== Segment start ==

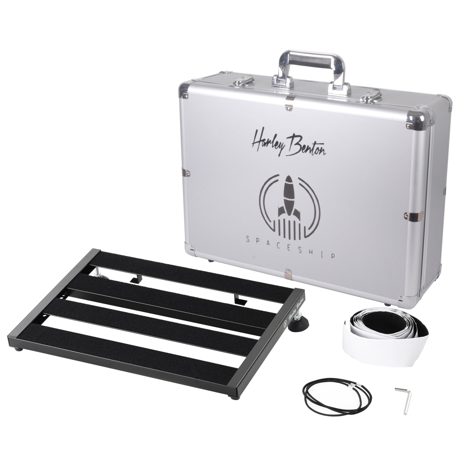 Wer Ordnung in seinem Effektpark schätzt und Wert auf einen reibungslosen Ablauf seiner Performance im Proberaum oder auf der Bühne legt, der kommt um die Anschaffung eines Pedalboards kaum herum. Das Harley Benton SpaceShip 40 sorgt für die gewünschte Ordnung und Übersicht und bietet mit seinen vier Ebenen genügend Platz für kleine, große und ganz große Effektgeräte. Trotz des geringen Gewichts von nur 1,26kg zeigt sich der pulverbeschichtete Rahmen sehr robust und lässt sich zudem dank der zwei einstellbaren Füße sowohl in der Höhe als auch in der Neigung flexibel einstellen. Neben den notwendigen Materialien zur Fixierung der Effekte auf dem Board befindet sich im Lieferumfang dieses Bundles auch ein stabiler Koffer aus Aluminium, in welchem die wertvollen Pedale dauerhaft sicher aufbewahrt und transportiert werden können.
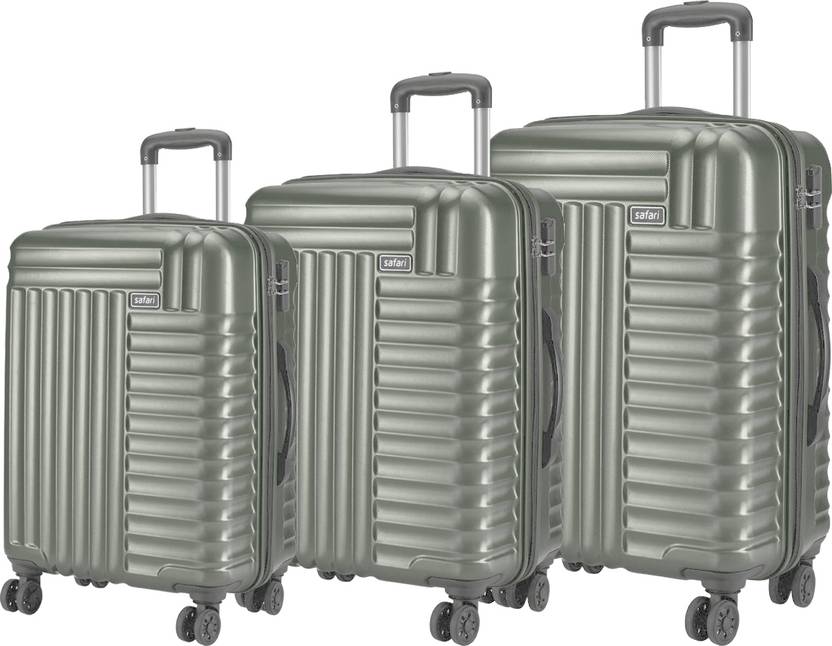 Hard Body Set of 3 Luggage 8 Wheels - Combat Hard-Sided Polycarbonate 5 Years Warranty Luggage 3 PC Set (55+65+77 cm) - Green
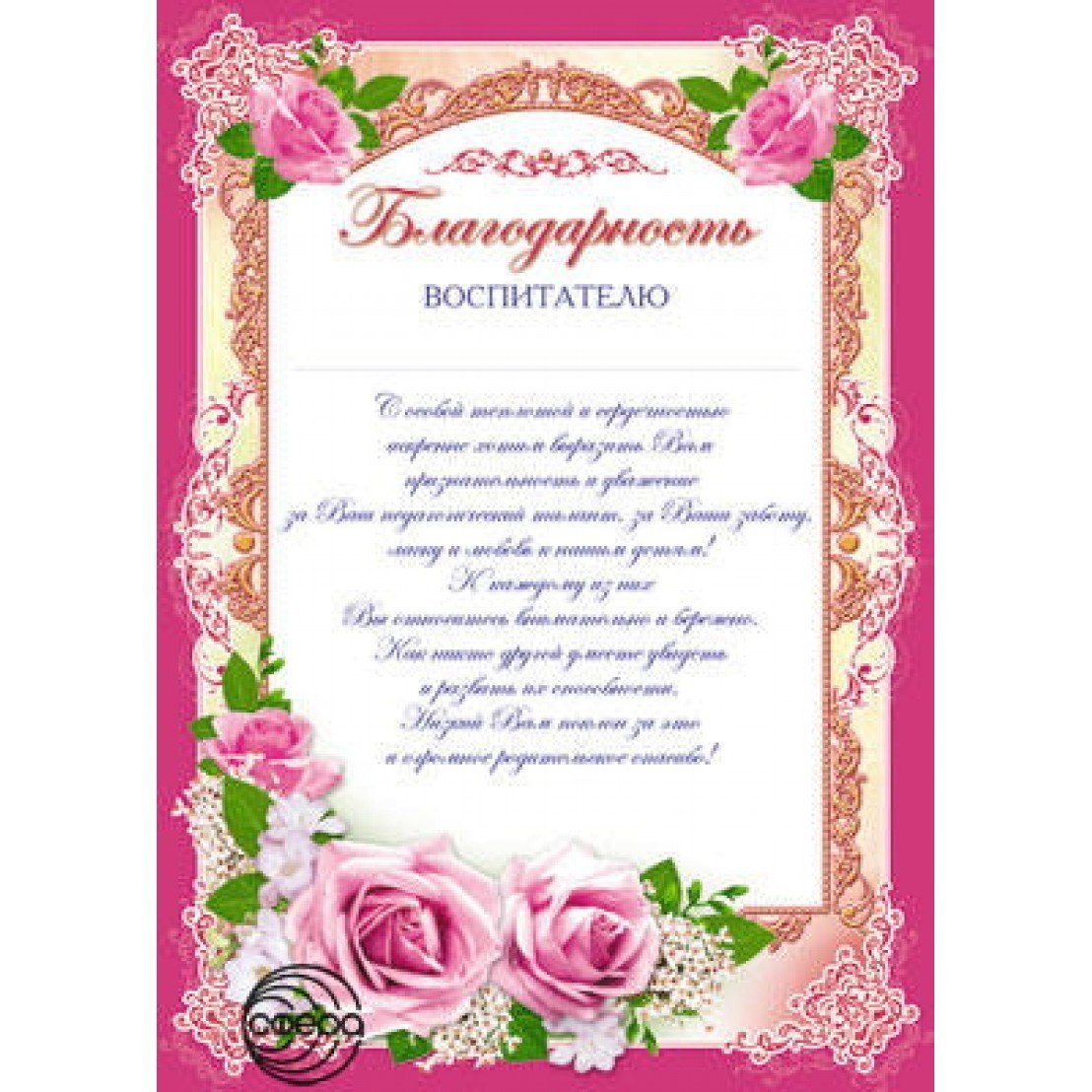 24. Картинка Благодарственное письмо воспитателю детсада
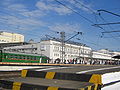 Kursky railway terminal (Russian: Ку́рский вокза́л, Kursky vokzal), also known as Moscow Kurskaya railway station (Russian: Москва́-Ку́рская, Moskva-Kurskaya), is one of the nine railway terminals in Moscow. It was built in 1896, and renovated (without major design changes) in 1938, then a large glass facade and modern roof was added in a 1972 expansion.[1] In 2008, there were plans to completely rebuild or refurbish the station.[2] Kursky station, unlike most Moscow terminals, operates two almost opposite railroad directions from Moscow: one toward Kursk, Russia, after which the station is named, that stretches on into Ukraine, and another toward Nizhniy Novgorod, which is less used by long-distance trains, and is mostly for the high-speed service to Nizhniy. Kursky is connected to the Lengradskiy Line from the other side, enabling long-distance trains from St. Petersburg going on to other cities to pass through Russia's capital. Because of its three directions, its adjacency to the city center, and its connection to three major metro lines, Kursky is one of Moscow's busiest railway stations.
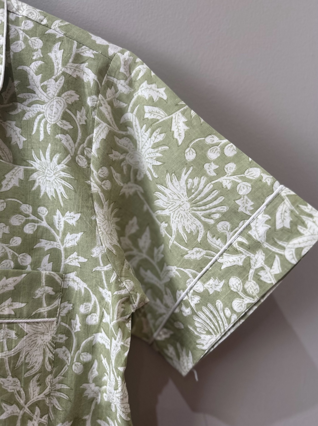The soft cotton fabric is hand block printed in India using traditional methods. Each set is hand made with love and care.
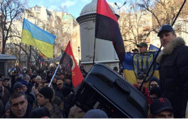 Так, после основного митинга непосредственно на Майдане, активисты, в рядах которых много представителей националистических организаций, бойцов добробатов, участников АТО, нардепы, пошли колонной к Администрации Порошенко.
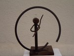 2017Sierlijk werk uit metaal met petanque bal in verwerkt
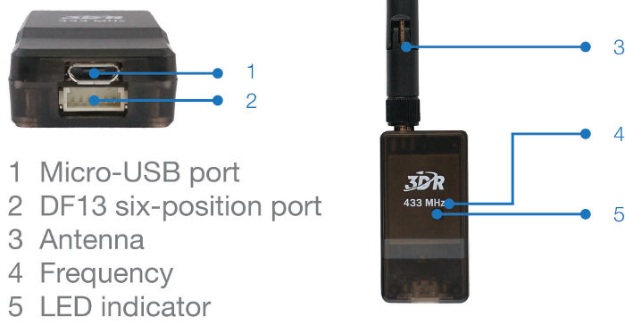 The radio has a micro-USB port, and a DF13 six-position port. The following sections explain how to connect these to flight controllers and ground stations.

== Segment end ==

● About this exercise:
Pictures do not go in the copy. Write out exactly the lines from the line containing "2017Sierlijk werk uit" through the last line of the listing.

● Solution for this task:
 2017Sierlijk werk uit metaal met petanque bal in verwerkt
 The radio has a micro-USB port, and a DF13 six-position port. The following sections explain how to connect these to flight controllers and ground stations.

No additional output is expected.